• **EXERCISE INPUTS**:
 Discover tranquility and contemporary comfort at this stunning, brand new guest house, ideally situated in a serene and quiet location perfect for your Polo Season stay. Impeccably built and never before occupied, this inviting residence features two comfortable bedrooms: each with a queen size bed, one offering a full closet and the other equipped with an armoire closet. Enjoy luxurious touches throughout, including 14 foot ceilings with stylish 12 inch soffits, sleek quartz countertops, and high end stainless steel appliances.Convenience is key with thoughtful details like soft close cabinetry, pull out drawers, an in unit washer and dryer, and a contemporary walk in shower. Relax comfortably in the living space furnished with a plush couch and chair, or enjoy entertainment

==

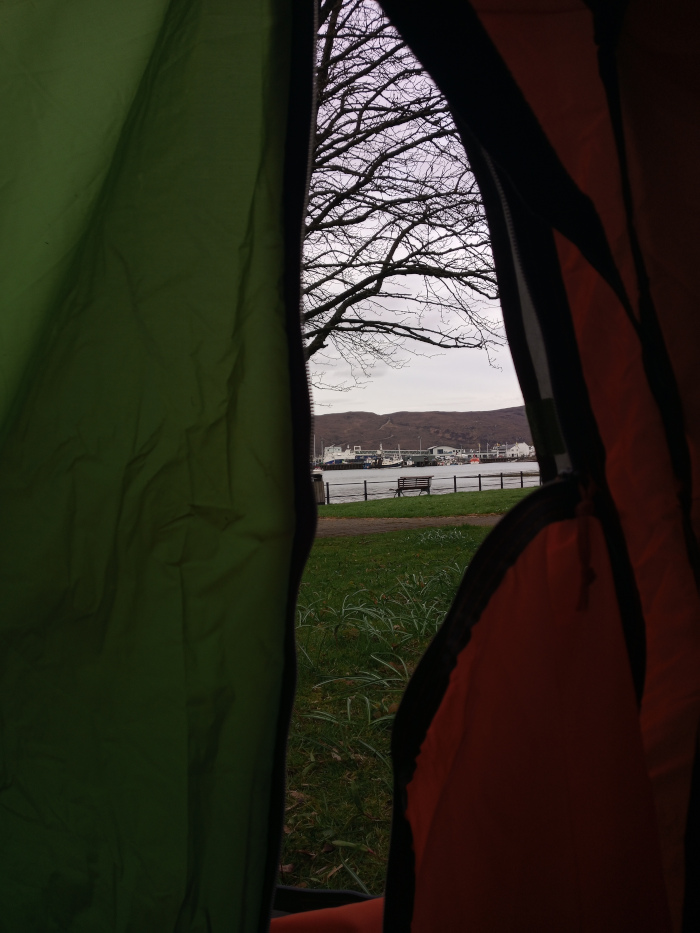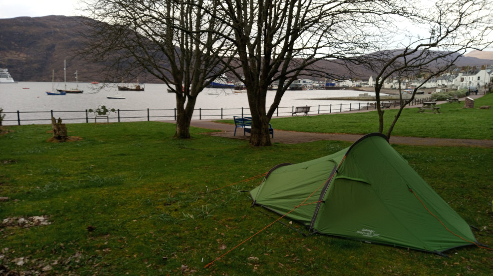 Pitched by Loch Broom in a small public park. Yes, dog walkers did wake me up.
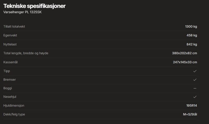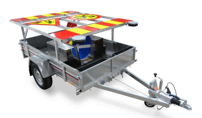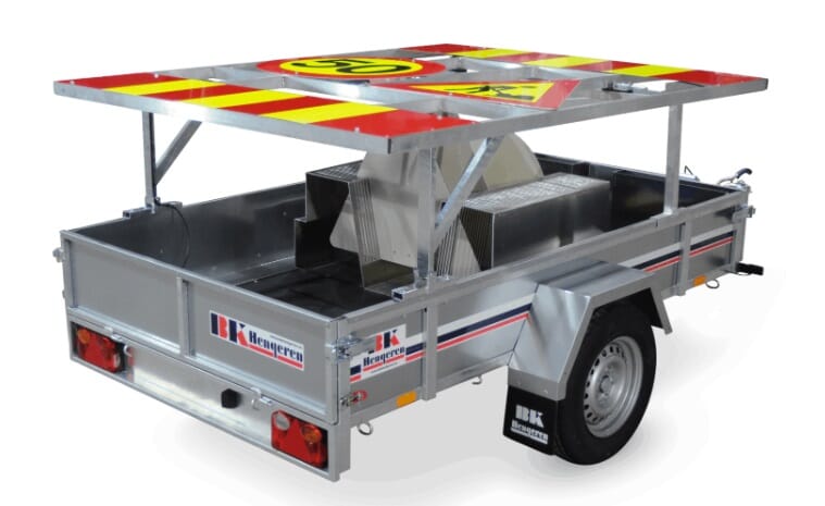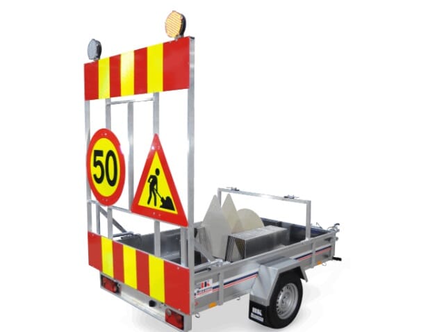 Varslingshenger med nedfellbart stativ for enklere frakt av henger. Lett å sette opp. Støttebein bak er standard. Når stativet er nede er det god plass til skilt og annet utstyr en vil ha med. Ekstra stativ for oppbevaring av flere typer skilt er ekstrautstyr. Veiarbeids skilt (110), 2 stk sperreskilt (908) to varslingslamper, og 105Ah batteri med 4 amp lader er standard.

• **TASK PROMPT**: Could you output exactly the lines above, from the line with "Pitched by Loch" up to and including the line with "Varslingshenger med nedfellbart", and nothing else, skipping the pictures?

• **RESPONSE**:
 Pitched by Loch Broom in a small public park. Yes, dog walkers did wake me up.
 Varslingshenger med nedfellbart stativ for enklere frakt av henger. Lett å sette opp. Støttebein bak er standard. Når stativet er nede er det god plass til skilt og annet utstyr en vil ha med. Ekstra stativ for oppbevaring av flere typer skilt er ekstrautstyr. Veiarbeids skilt (110), 2 stk sperreskilt (908) to varslingslamper, og 105Ah batteri med 4 amp lader er standard.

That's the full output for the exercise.